Physical association of C6-encoding genes with A. flavus secondary metabolite gene clusters
Physical association of C6 domain genes with the 55 gene clusters in A. flavus genome
Zn(II)2Cys6 Gene ID
With increasing numbers of fungal genomes being sequenced, a wealth of information concerning gene sequence and location is becoming readily available. Bioinformatics has expanded our ability to predict gene function and analyze organization of gene clusters. Comparative genome studies have been performed to decipher evolutionary relationship among related species (Galagan et al. 2005; Payne et al. 2006; Sato et al. 2011) or among strains of the same species (Borneman et al. 2011). Emphasis now must be shifted toward examining functions of annotated groups of genes. Current protocols for automatic gene prediction are still far from perfect.
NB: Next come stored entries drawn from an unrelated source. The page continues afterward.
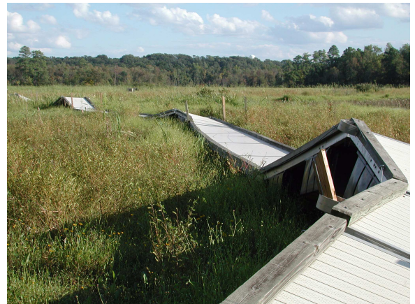
Right: The damaged Boardwalk.
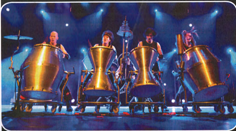
ScrapArtsMusic Artists on Humunga & Hourglass Drums
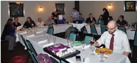
Piedmont Area Meeting Hahn-Mason Air Systems Inc. at Demetre's February 20, 2018
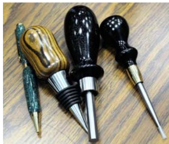
Some tool designs by Mike Bulat
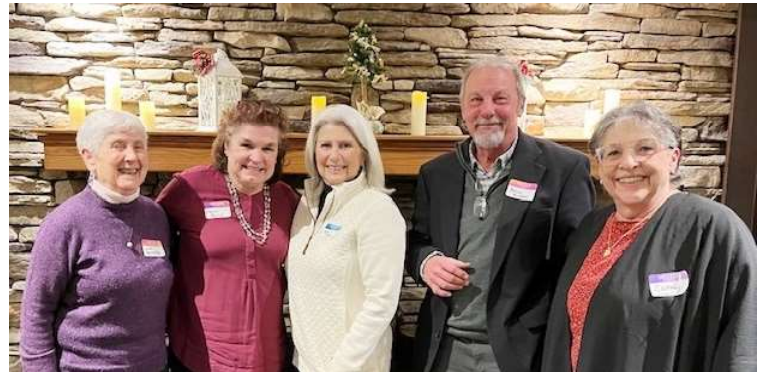
Winter Gathering Event Organizers
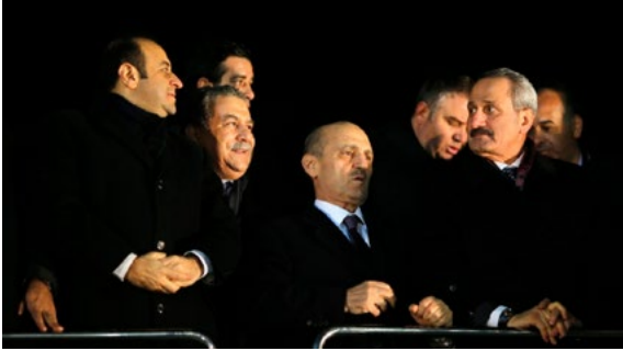
(From left) Bağış, Güler, Albayrak and Çağlayan in a rally with Erdoğan hours before their resignation.

doings.” 70 Erdoğan was clearly making a request of the president of the HSYK’s First Chamber to interfere with an ongoing criminal prosecution of his government ministers and his own son.

Refinement of bioinformatic algorithms to enhance accuracy of gene prediction and annotation therefore is a prerequisite for the advance of functional genomics studies. Comparison of C6 domains and the normally conserved downstream basic amino acid dimerization region will spur investigation of mechanisms of phylogenetic diversity among different fungal species. The central role played by the C6 proteins has been evident in either as activators or repressors to modulated expression of controlled genes. Further understanding of how C6-encoding genes are activated and how C6 proteins are posttranslationally modified and interact with co-activators or globally acting transcription factors via the TF or DUF3468 domain needs to be pursued. Their roles in basic fungal development and differentiation also are largely unknown. Association of abilities to infect and colonize host plants with C6 proteins (Bluhm et al. 2008; Imazaki et al. 2007) is another new but rarely explored field. C6 proteins have been implicated in multidrug resistance and in response to stress such as heat shock, low pH, and high osmolarity in S. cerevisiae (Akache et al. 2001; MacPherson et al. 2006). However, no studies have probed this important area of transcription regulation which is critical for fungal survival. Challenges and surprises will arise by future studies of this fundamental class of regulators.